• _Task statement_
What is needed here is an exact repetition of the records below, beginning at the line that has "婷美新款大胸显小无痕内衣女薄款全包兔耳杯文胸收副乳调整型胸罩" and stopping after the line that has "(总)理想家家纺 2025新".

::: Data provided

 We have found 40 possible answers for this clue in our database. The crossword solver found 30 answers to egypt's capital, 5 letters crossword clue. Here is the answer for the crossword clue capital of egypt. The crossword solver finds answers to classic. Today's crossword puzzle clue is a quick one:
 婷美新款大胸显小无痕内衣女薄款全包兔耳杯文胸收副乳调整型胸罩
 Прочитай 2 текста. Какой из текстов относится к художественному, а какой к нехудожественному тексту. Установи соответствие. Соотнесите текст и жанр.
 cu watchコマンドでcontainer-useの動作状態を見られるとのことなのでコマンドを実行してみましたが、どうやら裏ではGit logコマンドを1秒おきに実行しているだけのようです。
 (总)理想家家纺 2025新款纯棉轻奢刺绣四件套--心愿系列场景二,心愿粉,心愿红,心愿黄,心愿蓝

::::::
::: Data provided

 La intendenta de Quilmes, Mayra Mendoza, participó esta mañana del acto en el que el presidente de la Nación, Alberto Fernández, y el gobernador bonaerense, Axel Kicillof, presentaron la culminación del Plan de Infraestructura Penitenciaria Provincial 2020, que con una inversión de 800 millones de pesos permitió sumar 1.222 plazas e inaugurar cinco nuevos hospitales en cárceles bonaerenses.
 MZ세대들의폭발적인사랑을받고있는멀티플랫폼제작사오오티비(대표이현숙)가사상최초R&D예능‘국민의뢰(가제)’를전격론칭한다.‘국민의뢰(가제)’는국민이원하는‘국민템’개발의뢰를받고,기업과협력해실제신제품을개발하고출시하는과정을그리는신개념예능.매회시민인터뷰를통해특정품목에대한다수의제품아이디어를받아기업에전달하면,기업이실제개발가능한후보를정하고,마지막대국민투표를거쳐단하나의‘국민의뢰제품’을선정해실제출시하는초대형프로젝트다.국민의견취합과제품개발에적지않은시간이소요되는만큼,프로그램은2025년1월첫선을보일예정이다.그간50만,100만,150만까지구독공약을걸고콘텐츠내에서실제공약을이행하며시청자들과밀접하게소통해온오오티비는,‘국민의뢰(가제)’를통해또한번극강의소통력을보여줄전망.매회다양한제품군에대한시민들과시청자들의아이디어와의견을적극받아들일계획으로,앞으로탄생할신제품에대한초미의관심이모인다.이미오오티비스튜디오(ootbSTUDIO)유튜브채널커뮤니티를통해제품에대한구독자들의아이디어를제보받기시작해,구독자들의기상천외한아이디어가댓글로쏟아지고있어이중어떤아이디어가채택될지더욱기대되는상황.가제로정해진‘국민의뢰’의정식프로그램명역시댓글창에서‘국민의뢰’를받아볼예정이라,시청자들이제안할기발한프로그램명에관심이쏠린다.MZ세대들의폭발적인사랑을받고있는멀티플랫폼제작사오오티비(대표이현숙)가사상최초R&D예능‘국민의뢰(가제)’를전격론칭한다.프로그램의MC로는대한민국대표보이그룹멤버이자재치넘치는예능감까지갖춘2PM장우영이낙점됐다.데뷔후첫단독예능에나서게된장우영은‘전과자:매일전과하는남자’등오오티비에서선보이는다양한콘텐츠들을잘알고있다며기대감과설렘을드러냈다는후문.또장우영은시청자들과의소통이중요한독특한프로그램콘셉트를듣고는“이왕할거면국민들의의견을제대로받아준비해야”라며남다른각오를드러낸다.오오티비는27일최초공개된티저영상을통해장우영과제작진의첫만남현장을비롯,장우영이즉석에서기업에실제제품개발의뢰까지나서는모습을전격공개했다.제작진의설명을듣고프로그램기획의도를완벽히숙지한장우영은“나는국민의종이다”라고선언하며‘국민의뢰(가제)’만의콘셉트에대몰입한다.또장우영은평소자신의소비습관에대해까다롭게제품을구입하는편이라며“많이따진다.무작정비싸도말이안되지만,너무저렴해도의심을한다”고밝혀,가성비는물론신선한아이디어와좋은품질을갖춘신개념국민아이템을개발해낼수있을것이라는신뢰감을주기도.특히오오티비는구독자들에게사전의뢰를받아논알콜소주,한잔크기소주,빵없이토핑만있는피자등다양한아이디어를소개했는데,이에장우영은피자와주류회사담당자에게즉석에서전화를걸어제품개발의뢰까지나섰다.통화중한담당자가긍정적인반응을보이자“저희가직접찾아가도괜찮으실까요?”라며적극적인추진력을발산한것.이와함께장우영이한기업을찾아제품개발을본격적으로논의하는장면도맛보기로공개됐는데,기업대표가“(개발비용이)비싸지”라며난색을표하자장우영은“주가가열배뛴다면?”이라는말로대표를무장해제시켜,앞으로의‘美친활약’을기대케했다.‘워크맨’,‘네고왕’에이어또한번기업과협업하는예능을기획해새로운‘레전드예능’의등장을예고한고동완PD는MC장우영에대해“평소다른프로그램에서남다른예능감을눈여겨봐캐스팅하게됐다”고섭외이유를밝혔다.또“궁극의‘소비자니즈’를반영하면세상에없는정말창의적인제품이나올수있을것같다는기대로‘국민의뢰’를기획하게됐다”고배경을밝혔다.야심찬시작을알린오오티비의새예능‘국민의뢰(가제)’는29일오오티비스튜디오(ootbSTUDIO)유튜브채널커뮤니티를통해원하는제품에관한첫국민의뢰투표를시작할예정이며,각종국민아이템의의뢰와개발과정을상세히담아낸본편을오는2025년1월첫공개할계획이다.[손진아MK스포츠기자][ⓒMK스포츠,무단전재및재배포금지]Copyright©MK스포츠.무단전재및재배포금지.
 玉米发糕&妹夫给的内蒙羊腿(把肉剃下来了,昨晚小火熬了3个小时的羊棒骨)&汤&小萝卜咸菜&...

::::::

• _Answer section_
 婷美新款大胸显小无痕内衣女薄款全包兔耳杯文胸收副乳调整型胸罩
 Прочитай 2 текста. Какой из текстов относится к художественному, а какой к нехудожественному тексту. Установи соответствие. Соотнесите текст и жанр.
 cu watchコマンドでcontainer-useの動作状態を見られるとのことなのでコマンドを実行してみましたが、どうやら裏ではGit logコマンドを1秒おきに実行しているだけのようです。
 (总)理想家家纺 2025新款纯棉轻奢刺绣四件套--心愿系列场景二,心愿粉,心愿红,心愿黄,心愿蓝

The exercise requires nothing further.